As shown by Law and Zhao (2012), a two-stage auto-ignition process can be observed in the NTC regime. The presence of two-stage auto-ignition for the TRF used in this study is investigated in the next section.

4.1.2 Auto-ignition Process Under Engine Operating Conditions

The auto-ignition process under representative thermodynamic conditions is further analyzed with respect to the precursor modeling. Therefore, a homogeneous reactor simulation using the detailed mechanism (Cai et al. 2019) is initialized with stoichiometric conditions at unburned temperature and pressure corresponding to MFB50 of the mean cycle (cf. Fig. 2). The obtained temperature evolution during the auto-ignition process is depicted in Fig. 3. The upper plot shows the evolution of the auto-ignition progress variable \(Y_{\mathrm{c}_{\mathrm{I},\mathrm{u}}}\), and the lower plot shows its source term \(\dot{\omega }_{Y_{\mathrm{c}_{\mathrm{I},\mathrm{u}}}}\).

Fig. 3
figure 3

Auto-ignition process for thermodynamic conditions of MFB50. Development of temperature, auto-ignition progress variable (top) and source term of auto-ignition progress variable (bottom). Results for a coupled simulation applying the auto-ignition modeling are shown in blue; the results of the detailed gKIM are shown as dashed-dotted lines, and those of the linear gKIM as dashed lines

The temperature evolution exhibits the expected two-stage auto-ignition behavior. The first-stage ignition results in a temperature rise of approximately 45 K. During the second-stage ignition, the temperature increases significantly by 1600 K. The two-stage behavior is reflected in the evolution of the auto-ignition progress variable, which is shown as a solid black line. Both, the first-stage and the second-stage auto-ignition are characterized by the increased formation of \(Y_{\mathrm{c}_{\mathrm{I},\mathrm{u}}}\) and a corresponding peak in the source term. This source term is used in the detailed gKIM (see Sect. 3.3). When applying the auto-ignition modeling in a coupled simulation to a homogeneous reactor under the same thermodynamic conditions, the detailed gKIM is able to reproduce the evolution of the auto-ignition progress variable \(Y_{\mathrm{c}_{\mathrm{I},\mathrm{u}}}\) with very high accuracy, as shown by the dash-dotted blue line. The simplified source term assumption of the linear gKIM leads to a linear increase of the auto-ignition progress variable \(Y_{\mathrm{c}_{\mathrm{I},\mathrm{u}}}\) until auto-ignition (cf. dashed blue line). While the auto-ignition delay time is correctly reproduced, the two-stage auto-ignition is obviously not captured by this model.

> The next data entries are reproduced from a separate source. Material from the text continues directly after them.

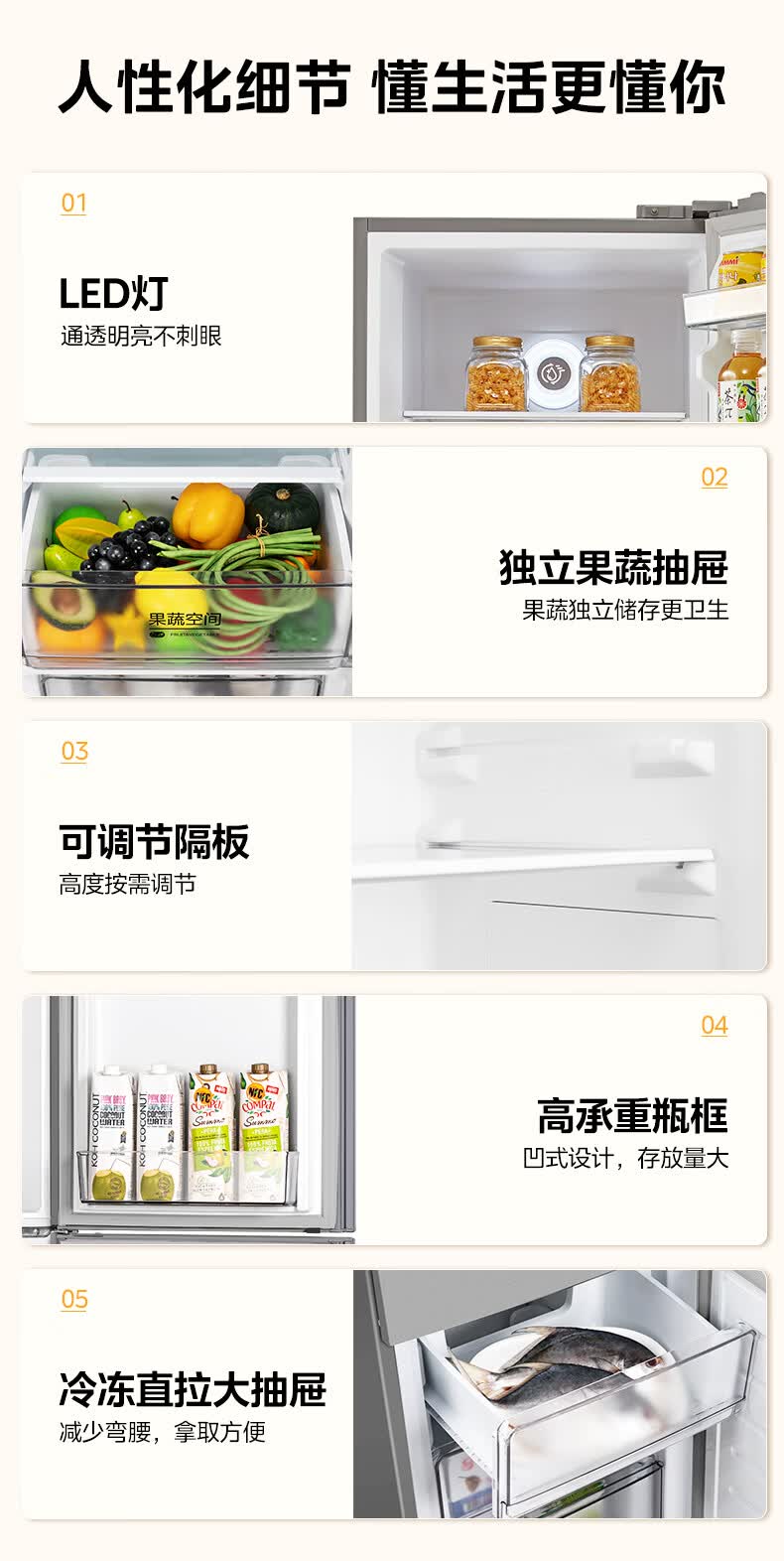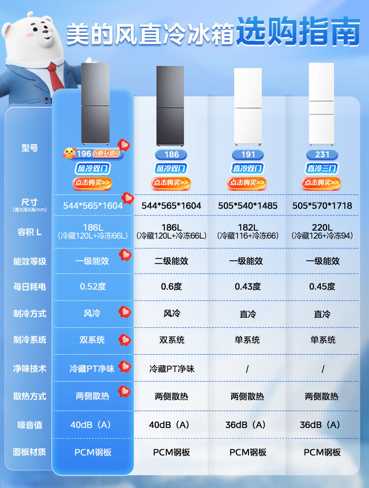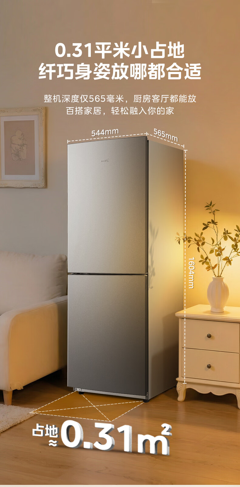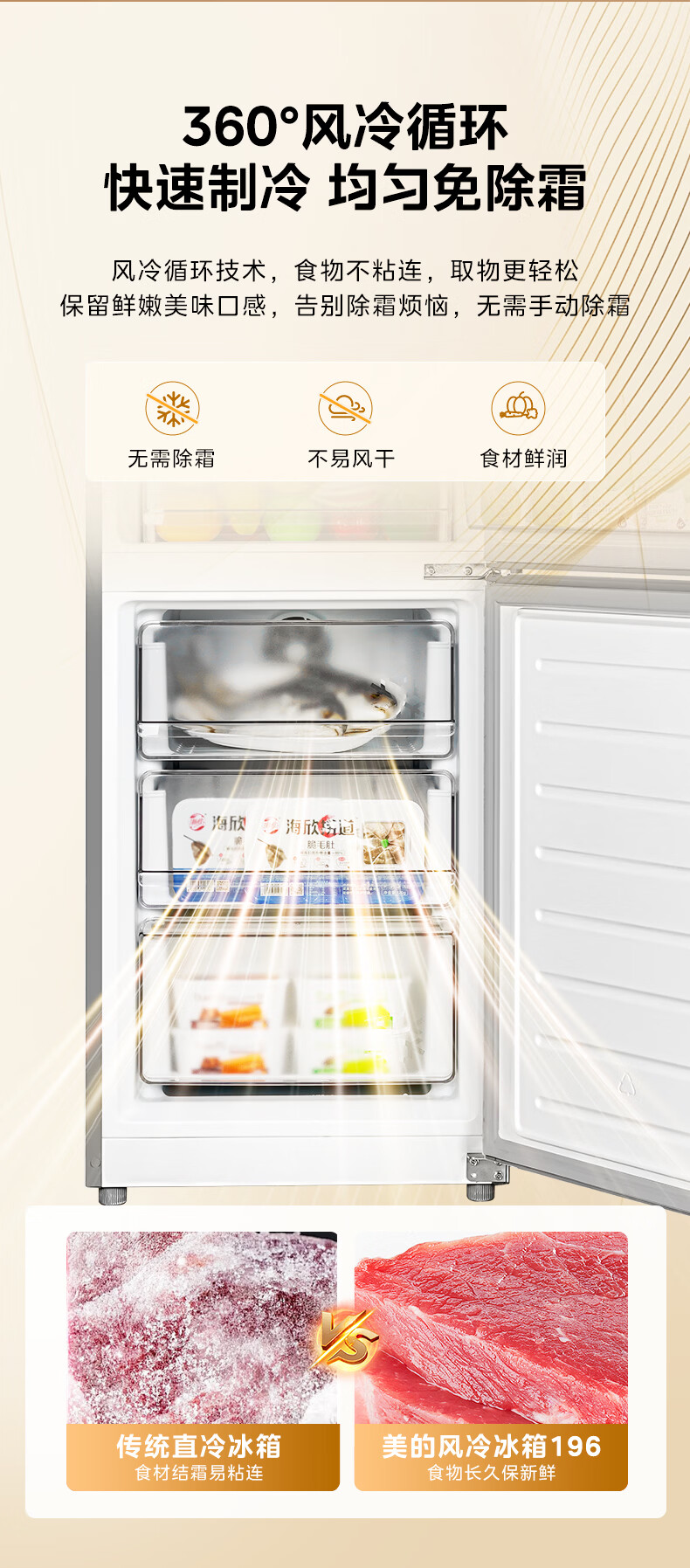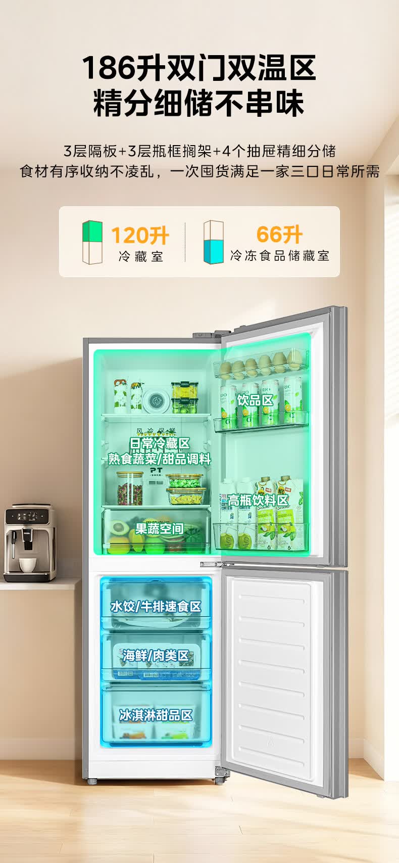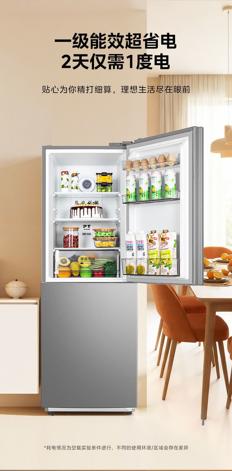 美的(Midea)「一级能效风冷无霜」186升两门冰箱小户型家用省电双门双系统不串味 钛钢灰MR-196W
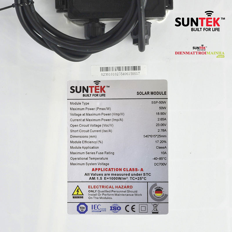 Giới thiệu Tấm Pin Năng Lượng Mặt Trời SUNTEK SSP-50W – Điện mặt trời mái nhà
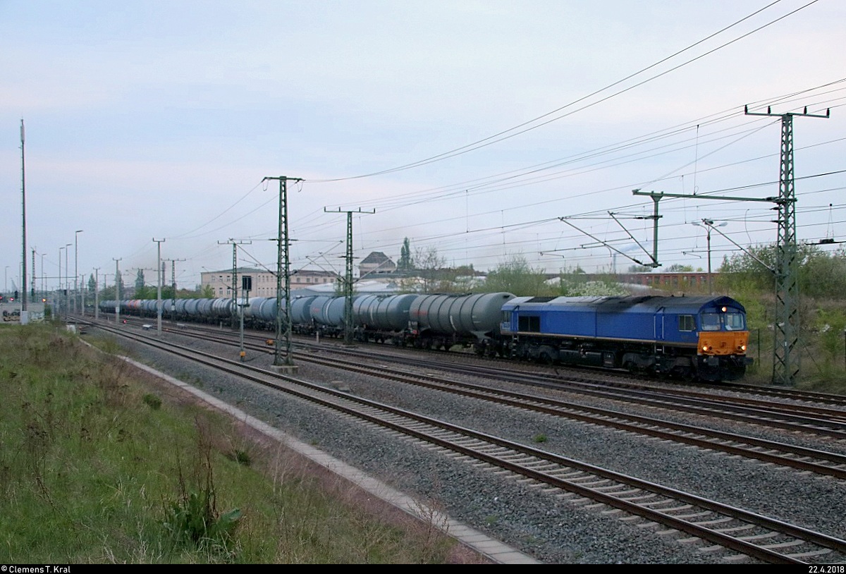 513-09 (BR 266 | Class 66) MRCE für CTL Logistics GmbH als Kesselzug fährt in Halle-Ammendorf auf der Bahnstrecke Halle–Bebra (KBS 580) Richtung Halle (Saale). [22.4.2018 | 19:56 Uhr]
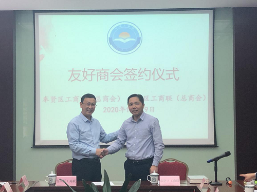 在上午的对接交流会上,奉贤区青年商会、工业综合开发区商会、奉城镇商会分别从多措并举推进青年企业家健康成长工作、以“党建+服务”推进“两个健康”、以党建引领打造商会品牌三个方面介绍了所属商会的工作开展情况。随后,两区工商联也分别就两地人文地理、产业优势、工商联机构设置、商会组织建设等方面进行了交流,同时也就各自服务民营经济“两个健康”的工作方式等进行了深入探讨。同时,在交流中,两区工商联还达成了将加强不定期的联系和交往,根据各自的产业特色,互动交流,促进内循环顺畅转动,为服务长三角一体化建设作贡献。
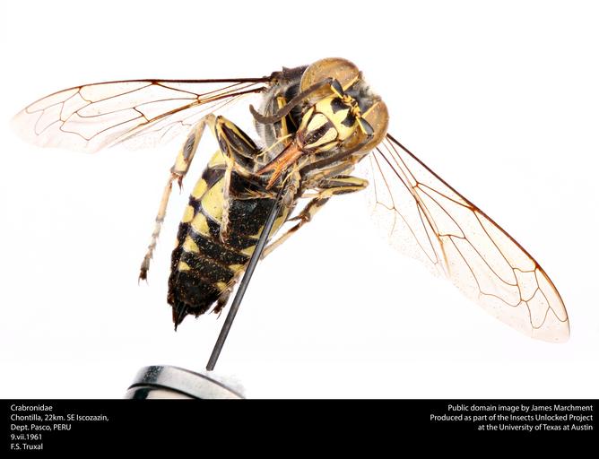 Keywords: sand wasp sandwasp hymenoptera crabronidae white background Crabronidae Chontilla, 22km. SE Iscozazin, Dept. Pasco, PERU 9.vii.1961 F.S. Truxal Crabronidae Chontilla, 22km. SE Iscozazin, Dept. Pasco, PERU 9.vii.1961 F.S. Truxal
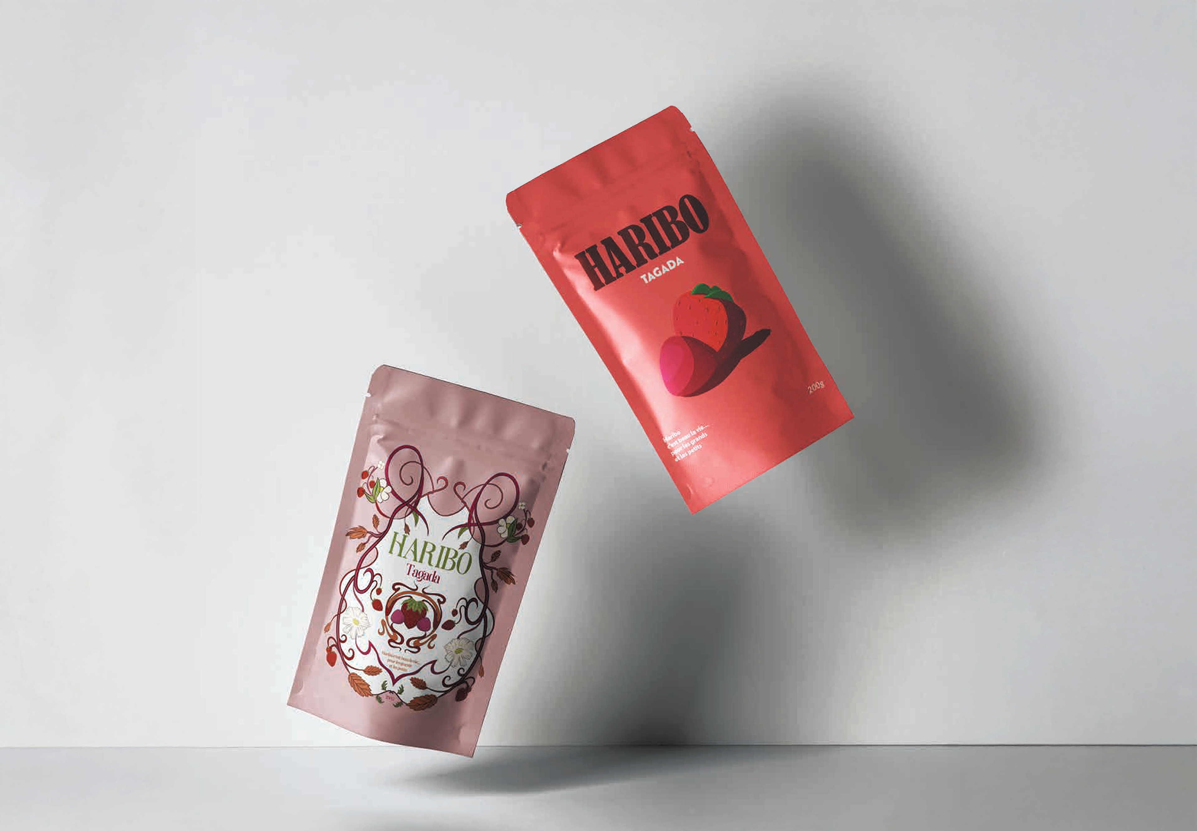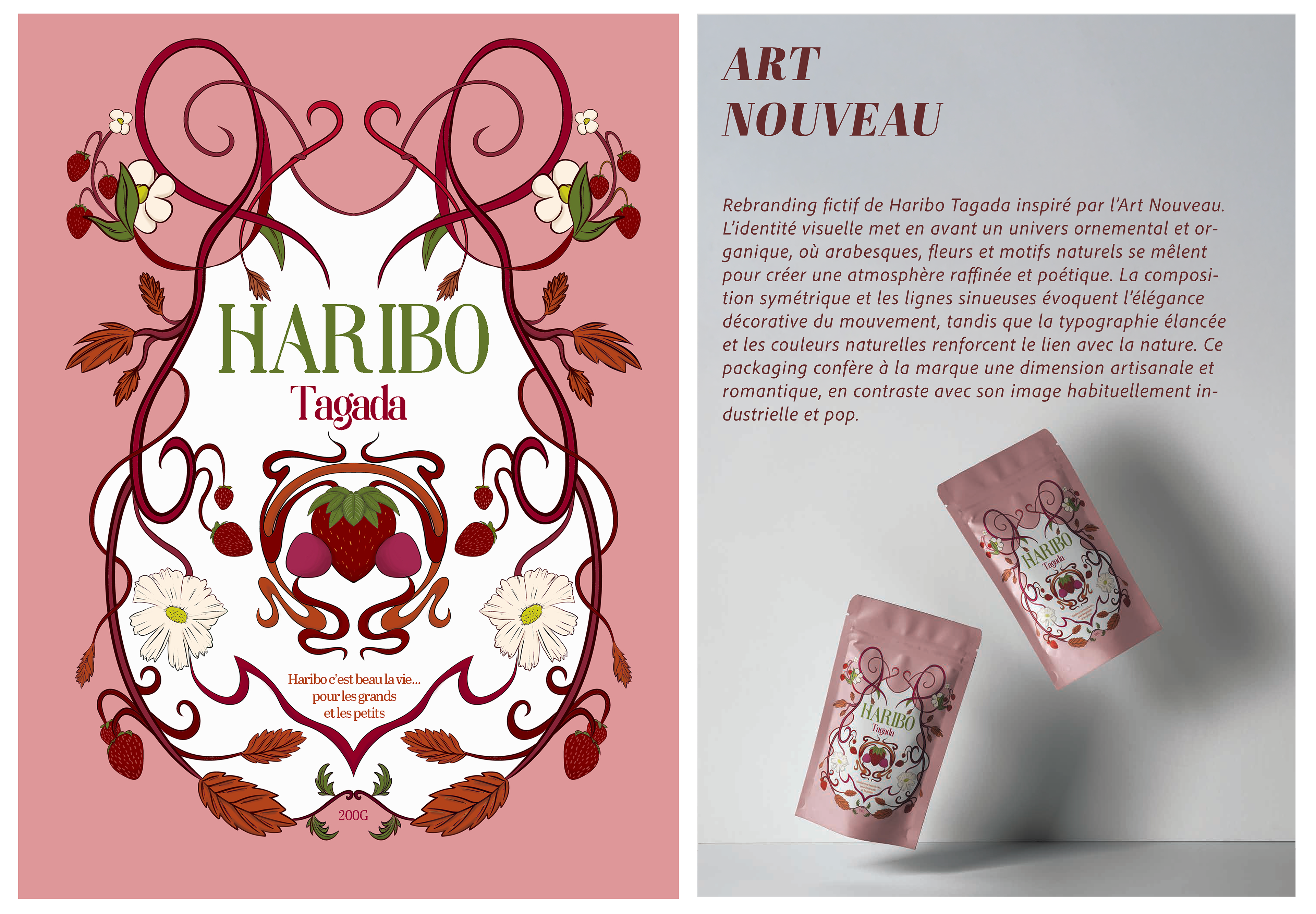 Projet fictif de rebranding de Haribo Tagada explorant deux mouvements graphiques contrastés. La version Art Nouveau met en avant un univers ornemental et organique, avec arabesques et motifs floraux qui confèrent au packaging une dimension artisanale et poétique. La version Objectivité nouvelle adopte une approche rationnelle et fonctionnelle, privilégiant la lisibilité, la simplicité et les aplats de couleur. Ensemble, ces deux interprétations illustrent la capacité d’une même marque à être déclinée selon des esthétiques radicalement différentes.
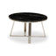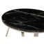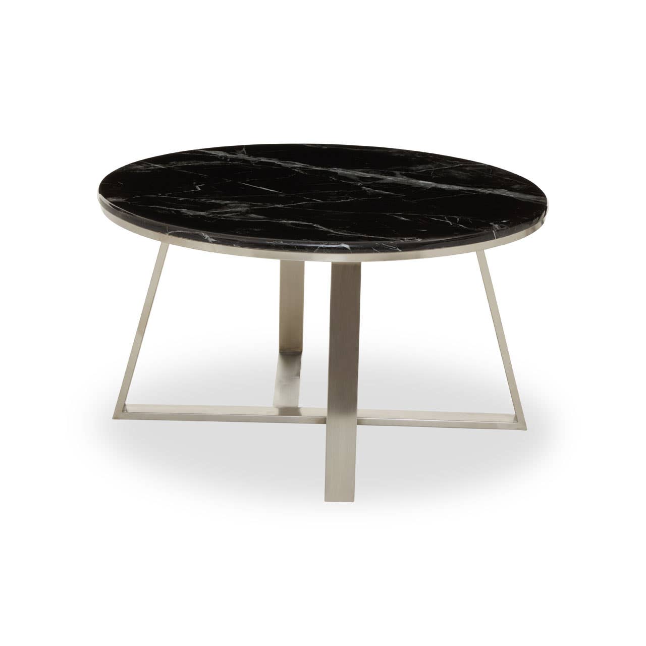 This coffee table has a sculptural stainless steel frame in a reflective silver finish that forms a cross sledge base. The sleek, angular base forms a monochrome contrast with the black marble top in sublime veining.
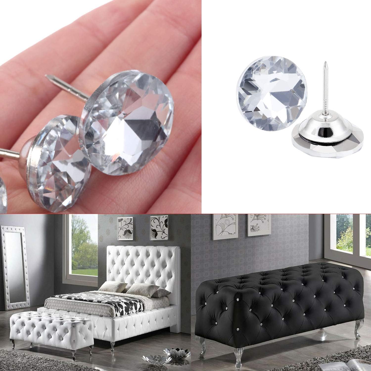 Wingfly Bottoni Cristallo Tappezzerie 50 Pezzi Chiodi Decorativi Per Divano Testiere Di Tappezzeria Artigianato Mobili Fai Da Te Decorazione 25mm Chiodi Ferramenta Fai Da Te
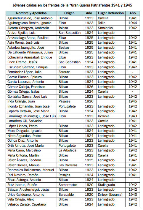 Listado de vascos caidos en la Gran Guerra Patria combatiendo con el sovietico Ejercito Rojo 2019-05-102019-05-10
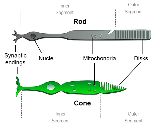 rod cell ทำหน้าที่รับรู้แสง และ cone cell ทำหน้าที่รับรู้สี ซึ่งจะรับรู้สีได้ ต้องมีความสว่างเพียงพอ เราจึงไม่เห็นสีของวัตถุในที่มืดหรือแสงน้อย
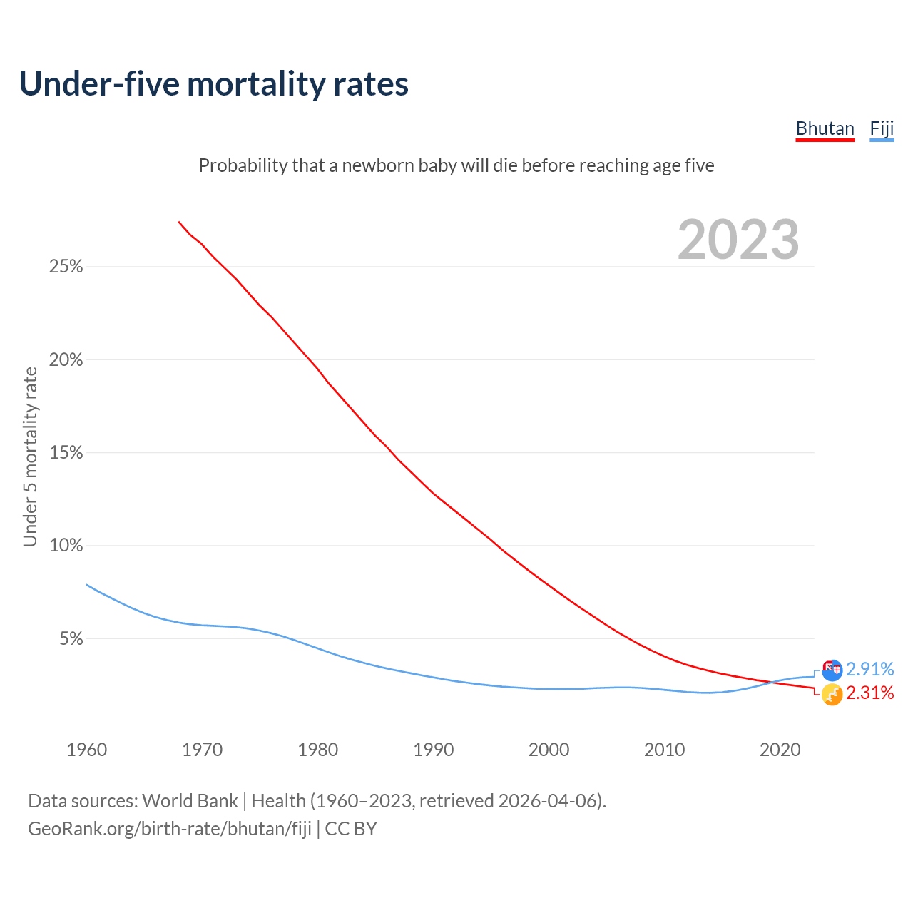 The chance that a newborn baby will die before reaching age five is 2.31% in Bhutan and 2.91% in Fiji. Above is a chart with historical data on under-five mortality rates.
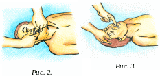 у пострадавших с полностью релаксированными жевательными мышцами. Большой палец левой руки реаниматор вводит в рот пострадавшему и кончиком пальца нажимает на корень языка. Остальные пальцы захватывают нижнюю челюсть, подбородок и поднимают ее с языком вверх. Рот открывается (рис. 1).
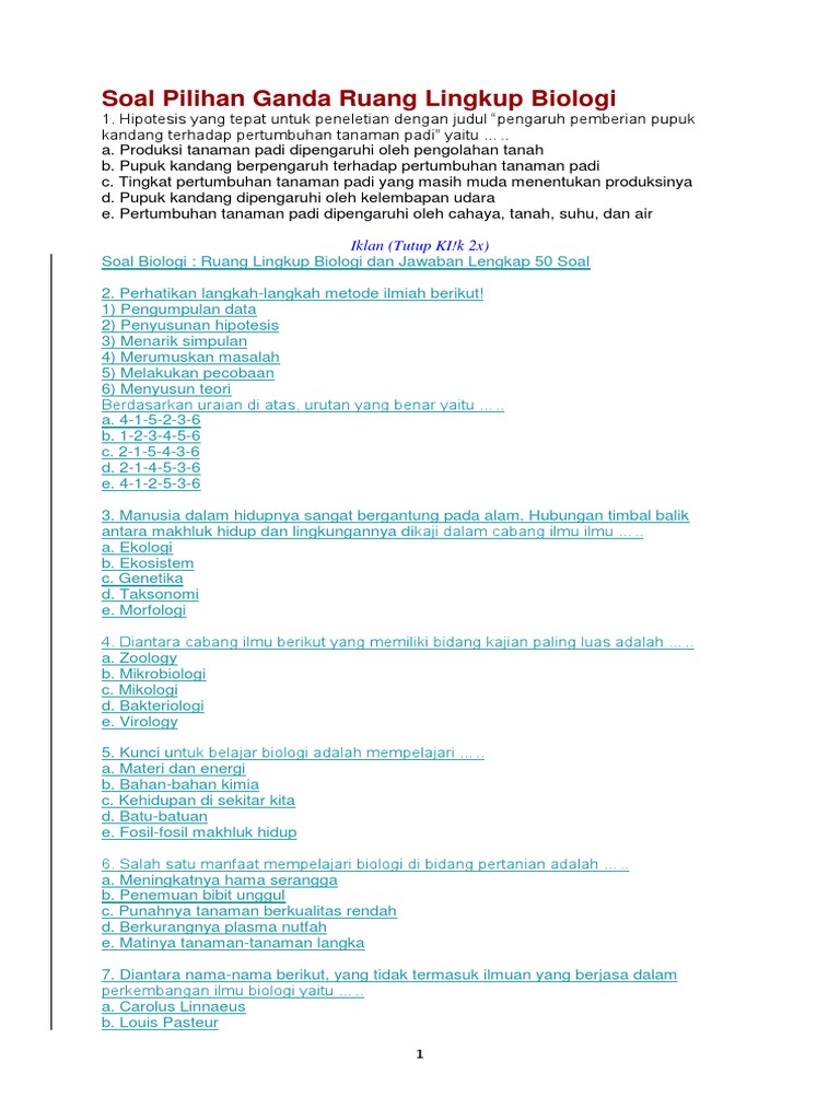 Contoh Soal Ruang Lingkup Biologi Pilihan Ganda | Biologi …

The analysis confirms, that for the representative thermodynamic conditions inside the NTC regime, a two-stage auto-ignition occurs under homogeneous conditions for the investigated surrogate fuel. This is consistent with the detailed analysis for n-heptane performed by Law and Zhao (2012). They showed, in particular, that inside the NTC regime, the first-stage auto-ignition determines the total auto-ignition delay time by changing the initial conditions of the second-stage auto-ignition. Adopting the methodology used by Law and Zhao (2012), the auto-ignition delay times of the two stages are analyzed for the TRF at the highest and lowest pressure investigated before, see Fig. 4. The total and first-stage auto-ignition delay times are shown in black and orange, respectively. The second-stage auto-ignition delay time is defined by the difference of the total and the first-stage auto-ignition delay time and shown in blue. Squares refer to 20 bar and circles to 60 bar pressure. In accordance with the findings of Law and Zhao (2012), the first-stage auto-ignition delay times decrease with increasing temperature, while the second-stage auto-ignition delay times increase. This results in increasing total auto-ignition delay times in the NTC regime. This behavior is also observed for higher pressures but with lower first-stage auto-ignition delay times and the NTC regime shifted to higher temperatures.

Fig. 4
figure 4

Analysis of total (black), first-stage (orange) and second-stage auto-ignition delay times for 20 (squares) and 60 bar (circles)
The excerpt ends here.